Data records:
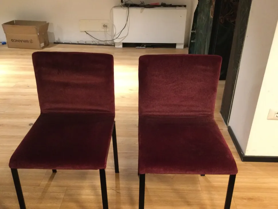 Sedie Dangla di Lago con gambe nere e rivestimenti in tessuto bordeaux. Disponibili solo in versione liscia. Disponibilità 2 pezzi vendibili anche separatamente.
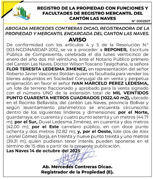 REGISTRO DE LA PROPIEDAD CON FUNCIONES Y FACULTADES DE REGISTRO MERCANTIL DEL CANTÓN LAS NAVES N° 0002507 por: ALDIA 29/10/2025 FacebookTwitterWhatsApp Unirme al canal de whatsapp de noticias ALDIA FacebookTwitterWhatsApp Te recomendamos Notificaciones REGISTRO DE LA PROPIEDAD CON FUNCIONES Y FACULTADES DE REGISTRO MERCANTIL DEL CANTÓN LAS NAVES N° 0002507 ALDIA - 30/10/2025 Notificaciones COMUNICADO OFICIAL – EMPRESA PÚBLICA MUNICIPAL DE AGUA POTABLE Y ALCANTARILLADO DEL CANTÓN QUEVEDO – EPMAPAQ ALDIA - 29/10/2025 Notificaciones COMUNICADO OFICIAL – EMPRESA PÚBLICA MUNICIPAL DE AGUA POTABLE Y ALCANTARILLADO DEL CANTÓN QUEVEDO – EPMAPAQ ALDIA - 29/10/2025 - Advertisment - LO ÚLTIMO «No hay nada mágico», dice el CNE sobre pedido del correísmo 31/10/2025 Los Ríos refuerza seguridad por feriado con despliegue de 2.124 Policías 31/10/2025 Prohibidas las «Rodadas» en Los Ríos por Seguridad Ciudadana 31/10/2025 El estadio ‘Oscar Llerena’ será repotenciado, eso se aprobó durante la Sesión de Consejo provincial 31/10/2025 Cargar más ÙLTIMAS NOTICIAS Ecuador CNE designa y capacita a 3.345 miembros de Juntas Receptoras del Voto para el referéndum y Consulta Popular 2025 en el exterior ALDIA - 22/10/2025 Ecuador Alcaldías de Imbabura urgen al Gobierno y a indígenas a retomar el diálogo y evitar la confrontación 22/10/2025 Ecuador AME exige pago inmediato de deuda ante imposibilidad de cumplir con pago anticipado del décimo tercer sueldo 06/10/2025
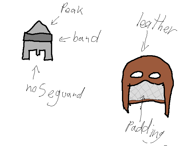 The hood-thingy is arguably even more important - it should be strong leather, and heavily padded. A blow to the head is bad even through a helm. To prevent or reduce such problems as concussions, the padding must be thick - but not so thick as to overheat the brain. Everything else is, I think, self explanatory.
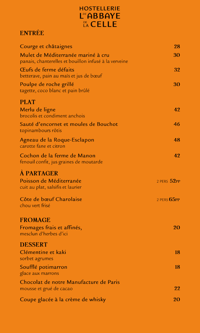 10/10Amazing lunch time in this beautiful restaurant! Located inside the old “abbaye de la celle”, both food and service were excellent. It’s worth it.
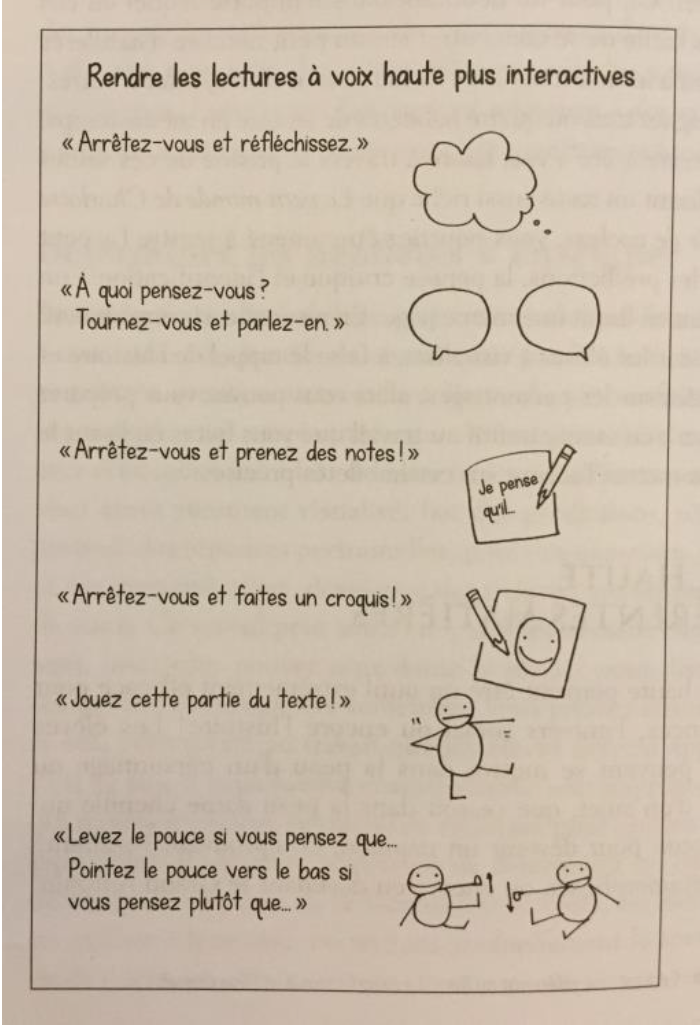 Dernière précision, la lecture interactive peut également se faire avec des textes informatifs ou d’opinions.
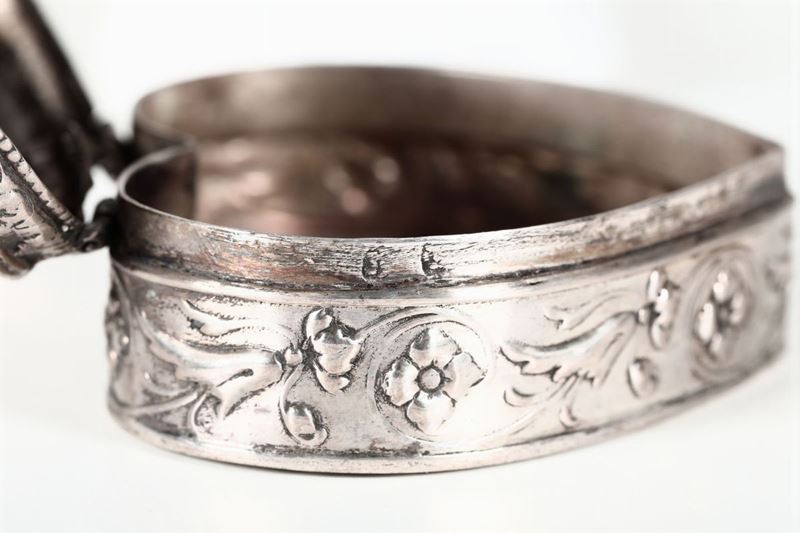 Scatola in argento a forma di cuore con scene di fanciulli e capre, fine XIX secolo
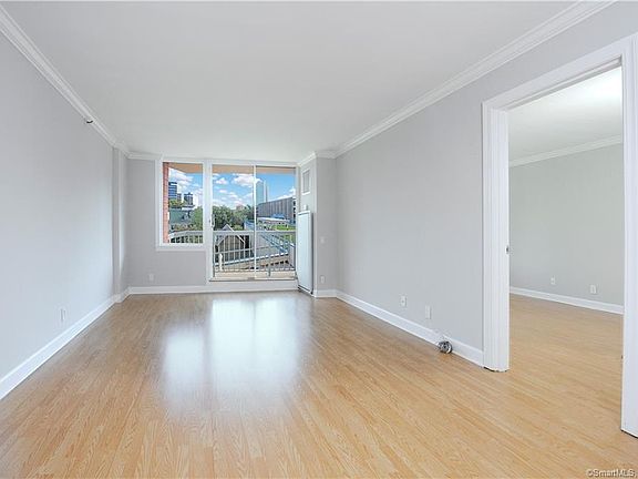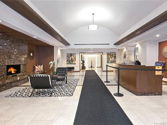 Steal this newly painted, mint condition condominium in a prime downtown Stamford location. This one bedroom plus den/dining area/office and 1 1/2 baths is located in one of Stamford's most prestigious buildings near downtown's many amenities. Included is 1 underground parking space, 24/7 doorman, spectacular views from rooftop commons room with dining/kitchen area, indoor heated pool & gym. The unit has a sunny, double length balcony with sliders from each room overlooking grassy barbecue area. Pets allowed. Investors welcome.
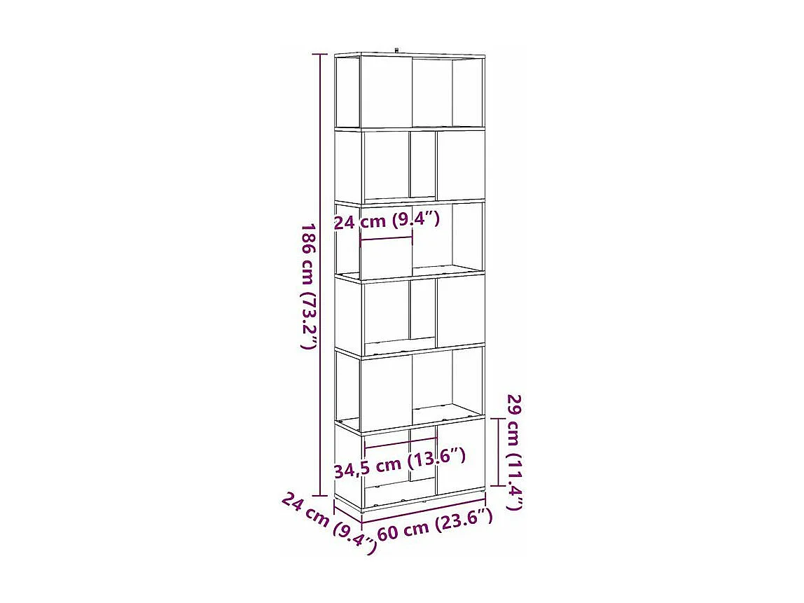 Bibliothèque/Séparateur de pièce Chêne fumé 60x24x186 cm
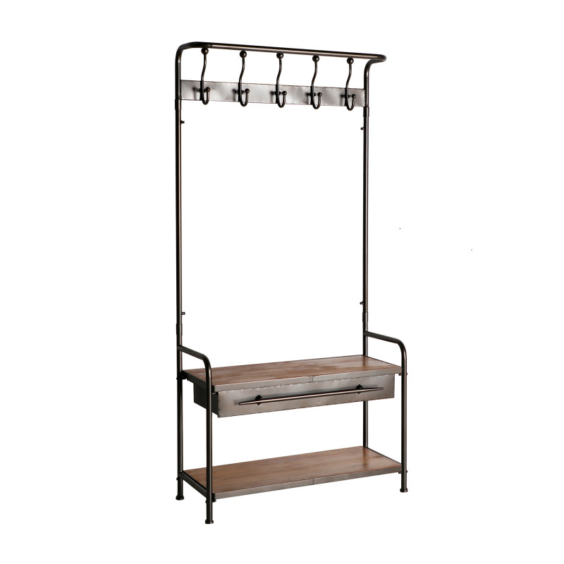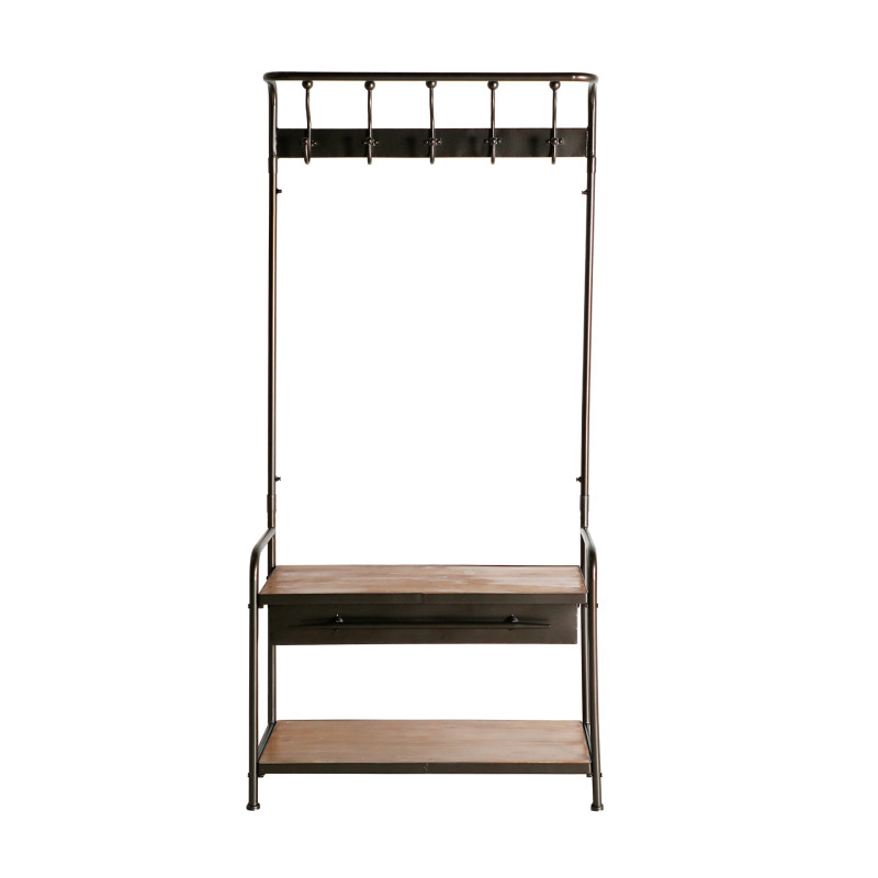 Perchero rectangular raich, en color gris/natural, de estilo industrial. Fabricado en hierro, combinado con madera de abeto. Producto desmontable.
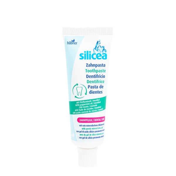Hübner Original Silicea® toothpaste with peppermint oil maintains the health of the teeth and gums. This toothpaste cleans deeply, has a refreshing flavour, provides tried and tested care of the teeth and the oral cavity and is also suitable for the care of sensitive teeth and dental necks.
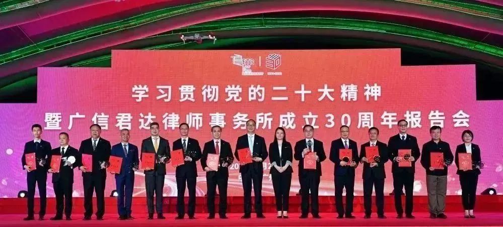 藉广州深化律师制度改革30年之际,为总结经验,谋划未来,笃定高质量发展目标,2023年2月26日,我所在广州塔举办“学习贯彻党的二十大精神暨广信君达律师事务所成立30周年报告会”,专家学者、客户代表、高校校友会领导、律师同仁及我所全体员工等约1200人,欢聚一堂、共襄盛举,逾万人通过线上参与。
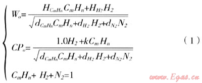 式中:CP0、W0——目標氣的華白數(shù)(MJ/m3)和燃燒勢;CmHn、H2、N2——碳氫化合物、氫氣、氮氣體積分數(shù);HCmHn、HH2——碳氫化合物、氫氣的高熱值(MJ/m3);dCmHn、dH2、dN2——碳氫化合物、氫氣、氮氣的相對密度;當CmHn為甲烷時,k=0.3;當CmHn為丙烷時,k=0.6;
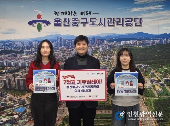 [인천광역신문] 박진 기자 | 울산중구도시관리공단이 울산사회복지공동모금회가 주관하는 희망 2026 나눔 캠페인 ‘7천 원 기부 릴레이’에 동참했다.
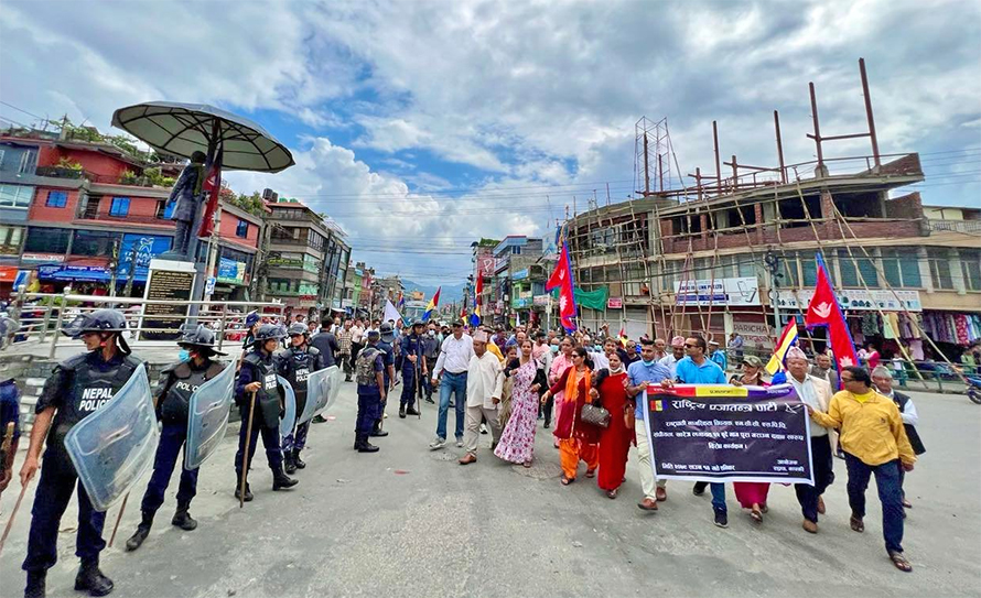 राष्ट्रिय प्रजातन्त्र पार्टीले संघीयता खारेजीको माग गर्दै पोखरामा गरे प्रदर्शन
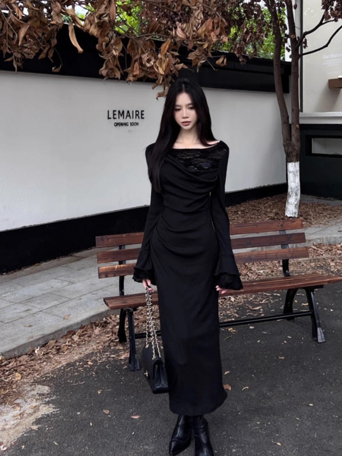 法式黑色蕾丝荡领内搭连衣裙女冬季高级性感
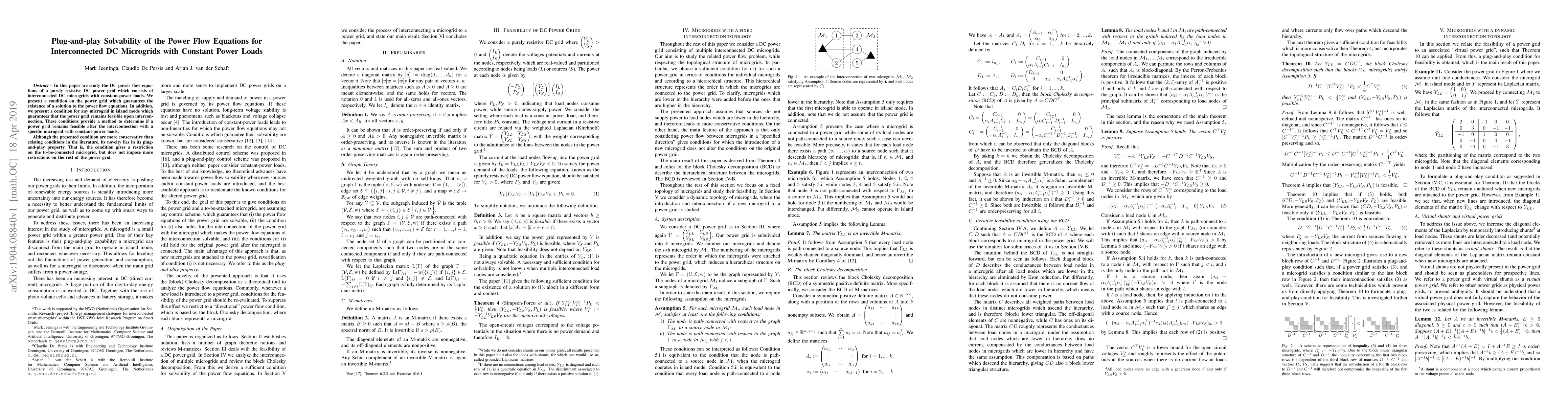 In this paper we study the DC power flow equations of a purely resistive DC power grid which consists of interconnected DC microgrids with constant-power loads. We present a condition on the power grid which guarantees the existence of a solution to the power flow equations. In addition, we present a condition for any microgrid in island mode which guarantees that the power grid remains feasible upon interconnection. These conditions provide a method to determine if a power grid remains feasible after the interconnection with a specific microgrid with constant-power loads. Although the presented condition are more conservative than existing conditions in the literature, its novelty lies in its plug-and-play property. That is, the condition gives a restriction on the to-be-connected microgrid, but does not impose more restrictions on the rest of the power grid.
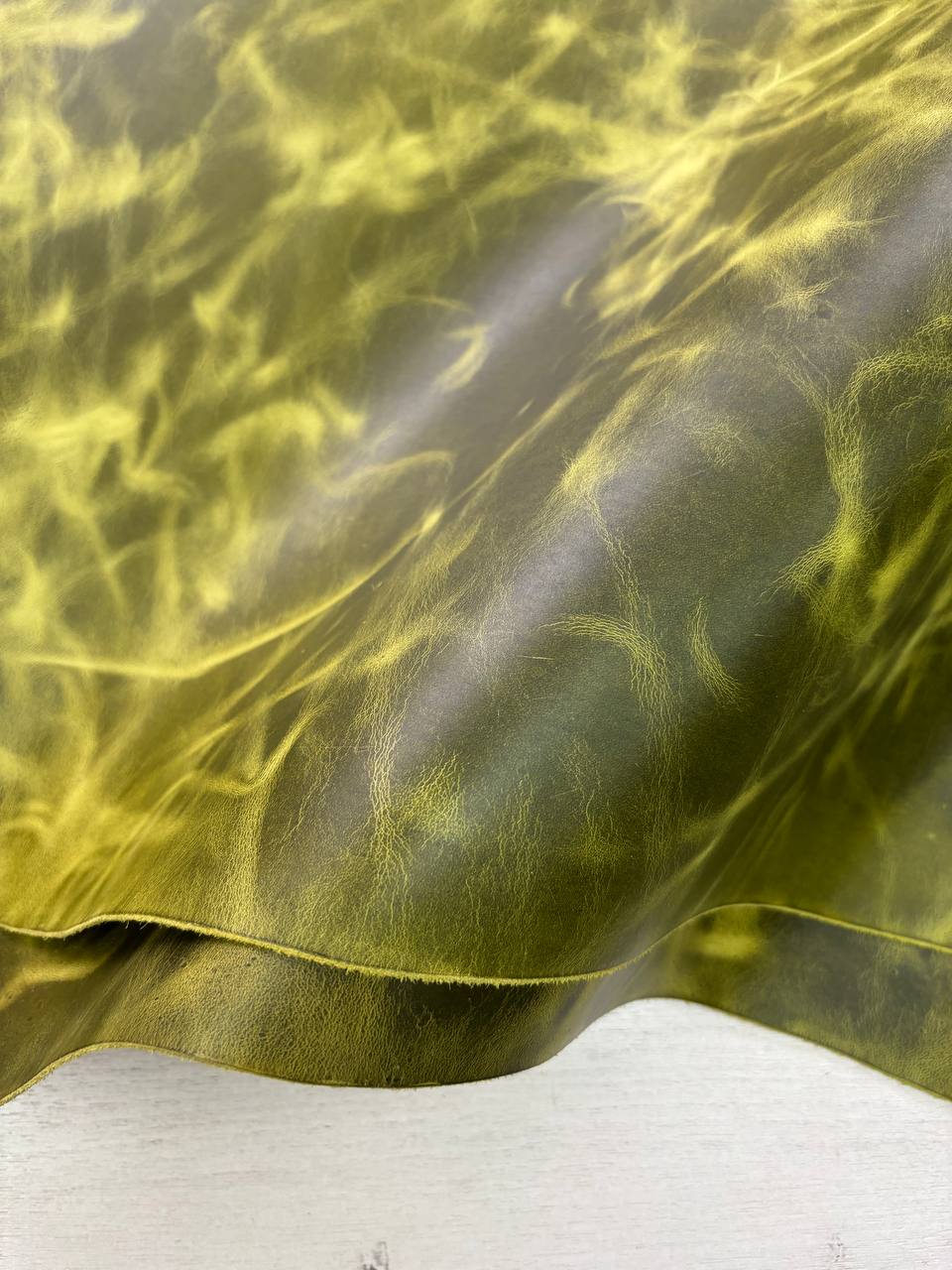 Натуральная кожа, достаточно плотная, с восковой отделкой и ярким эффектом пулл-ап. Кожа плотная, но при этом пластичная, приятная на ощупь. Бахтарма ровная, аккуратная, сквозного прокраса. Кожа не любит длительный контакт с водой, учитывайте это при пошиве изделий. Характеристики: — дубление: хромовое — конфигурация: полукожа — толщина: 1.3–1.5 мм — цвет: лайм Цена: 1.20 бел. руб/дм.
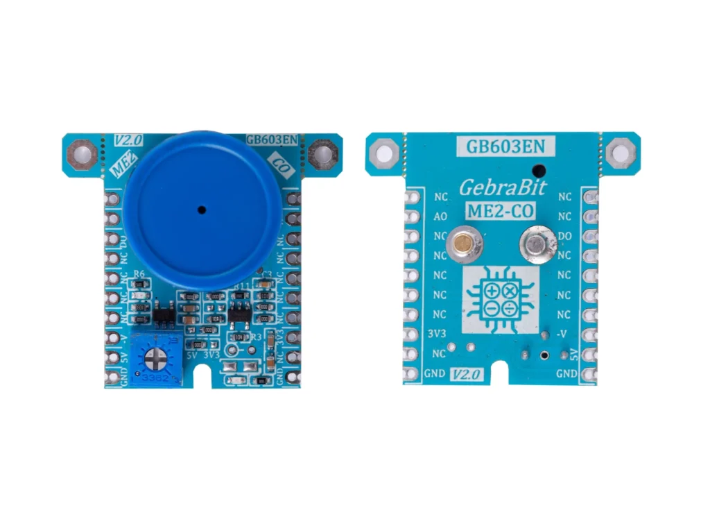 GebraBit ME-2CO یک ماژول الکتروشیمیایی تشخیص گاز CO میباشد. این ماژول دارای ولتاژهای کاری “3V3” و “5V” میباشد که توسط جامپر سلکتور تعبیه شده در قسمت پایینی ماژول قابل انتخاب است. ماژول GebraBit ME2-CO، خروجی سنسور ME2-CO را برای آنالیز بهتر دادهها توسط یک آپ امپ تقویت میکند. برای خواندن دیتای خروجی سنسور کافیست پین آنالوگ “AO” را به ADC میکروکنترلر متصل کنید. مقدار آستانه (threshold) شدت گاز توسط یک پتانسیومتر تعبیه شده در ماژول GebraBit ME2-CO قابل تنظیم است.

**THE TASK**
Look above for the line with "Hübner Original Silicea®" and copy exactly from it through the line with "藉广州深化律师制度改革30年", both included. Omit the pictures.

**ANSWER BOX**
Hübner Original Silicea® toothpaste with peppermint oil maintains the health of the teeth and gums. This toothpaste cleans deeply, has a refreshing flavour, provides tried and tested care of the teeth and the oral cavity and is also suitable for the care of sensitive teeth and dental necks.
 藉广州深化律师制度改革30年之际,为总结经验,谋划未来,笃定高质量发展目标,2023年2月26日,我所在广州塔举办“学习贯彻党的二十大精神暨广信君达律师事务所成立30周年报告会”,专家学者、客户代表、高校校友会领导、律师同仁及我所全体员工等约1200人,欢聚一堂、共襄盛举,逾万人通过线上参与。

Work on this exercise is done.